About this task -> The lines to repeat are those below from the one containing "NEO24-BRN Напольное кашпо" down to the one containing "The graph between", both included; reproduce them exactly and nothing else.

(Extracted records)
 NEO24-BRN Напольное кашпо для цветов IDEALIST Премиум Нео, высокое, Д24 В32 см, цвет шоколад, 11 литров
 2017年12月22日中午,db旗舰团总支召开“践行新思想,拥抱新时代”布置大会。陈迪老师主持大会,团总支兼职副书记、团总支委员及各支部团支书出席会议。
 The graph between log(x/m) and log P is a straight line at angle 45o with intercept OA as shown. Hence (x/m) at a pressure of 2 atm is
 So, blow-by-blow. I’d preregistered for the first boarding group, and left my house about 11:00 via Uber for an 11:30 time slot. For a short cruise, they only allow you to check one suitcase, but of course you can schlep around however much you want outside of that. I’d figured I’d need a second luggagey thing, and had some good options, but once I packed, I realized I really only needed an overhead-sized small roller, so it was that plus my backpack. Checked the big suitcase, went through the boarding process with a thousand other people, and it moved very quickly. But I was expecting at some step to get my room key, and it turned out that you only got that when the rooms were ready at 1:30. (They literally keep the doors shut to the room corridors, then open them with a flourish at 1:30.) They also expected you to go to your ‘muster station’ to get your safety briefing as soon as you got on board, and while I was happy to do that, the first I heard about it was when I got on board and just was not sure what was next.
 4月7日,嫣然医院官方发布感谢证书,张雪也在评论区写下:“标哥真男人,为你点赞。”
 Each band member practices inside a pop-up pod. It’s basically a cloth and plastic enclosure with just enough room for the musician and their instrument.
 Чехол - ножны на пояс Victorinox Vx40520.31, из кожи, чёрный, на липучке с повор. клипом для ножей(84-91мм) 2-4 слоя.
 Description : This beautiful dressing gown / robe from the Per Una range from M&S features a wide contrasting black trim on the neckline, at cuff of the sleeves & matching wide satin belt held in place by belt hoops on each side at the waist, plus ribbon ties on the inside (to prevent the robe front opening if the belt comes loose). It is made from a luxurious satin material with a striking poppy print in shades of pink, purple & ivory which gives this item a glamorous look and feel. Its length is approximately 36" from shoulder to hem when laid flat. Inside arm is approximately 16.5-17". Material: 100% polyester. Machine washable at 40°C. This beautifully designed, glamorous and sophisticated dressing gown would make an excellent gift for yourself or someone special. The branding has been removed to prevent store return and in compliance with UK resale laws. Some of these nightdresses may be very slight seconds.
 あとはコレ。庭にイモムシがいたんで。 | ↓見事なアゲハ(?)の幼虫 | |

==

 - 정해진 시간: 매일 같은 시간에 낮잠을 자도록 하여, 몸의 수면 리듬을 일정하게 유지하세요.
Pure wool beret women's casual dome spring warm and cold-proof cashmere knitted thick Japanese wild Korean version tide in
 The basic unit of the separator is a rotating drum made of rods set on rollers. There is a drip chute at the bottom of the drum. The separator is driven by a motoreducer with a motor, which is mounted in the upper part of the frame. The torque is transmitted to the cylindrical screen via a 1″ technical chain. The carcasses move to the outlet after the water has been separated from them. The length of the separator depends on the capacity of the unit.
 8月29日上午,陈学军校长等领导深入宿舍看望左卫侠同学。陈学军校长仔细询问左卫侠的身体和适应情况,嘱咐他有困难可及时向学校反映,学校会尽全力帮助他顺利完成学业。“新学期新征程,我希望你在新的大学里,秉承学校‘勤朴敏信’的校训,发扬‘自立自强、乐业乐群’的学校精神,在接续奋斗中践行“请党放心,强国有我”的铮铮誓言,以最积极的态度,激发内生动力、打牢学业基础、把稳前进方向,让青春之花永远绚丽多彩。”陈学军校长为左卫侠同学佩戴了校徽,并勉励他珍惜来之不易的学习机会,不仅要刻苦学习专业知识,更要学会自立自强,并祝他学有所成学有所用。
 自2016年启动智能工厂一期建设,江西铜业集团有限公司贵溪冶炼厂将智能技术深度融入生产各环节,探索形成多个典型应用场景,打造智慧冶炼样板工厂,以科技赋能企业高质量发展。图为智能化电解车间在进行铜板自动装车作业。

Worked solution ->
 NEO24-BRN Напольное кашпо для цветов IDEALIST Премиум Нео, высокое, Д24 В32 см, цвет шоколад, 11 литров
 2017年12月22日中午,db旗舰团总支召开“践行新思想,拥抱新时代”布置大会。陈迪老师主持大会,团总支兼职副书记、团总支委员及各支部团支书出席会议。
 The graph between log(x/m) and log P is a straight line at angle 45o with intercept OA as shown. Hence (x/m) at a pressure of 2 atm is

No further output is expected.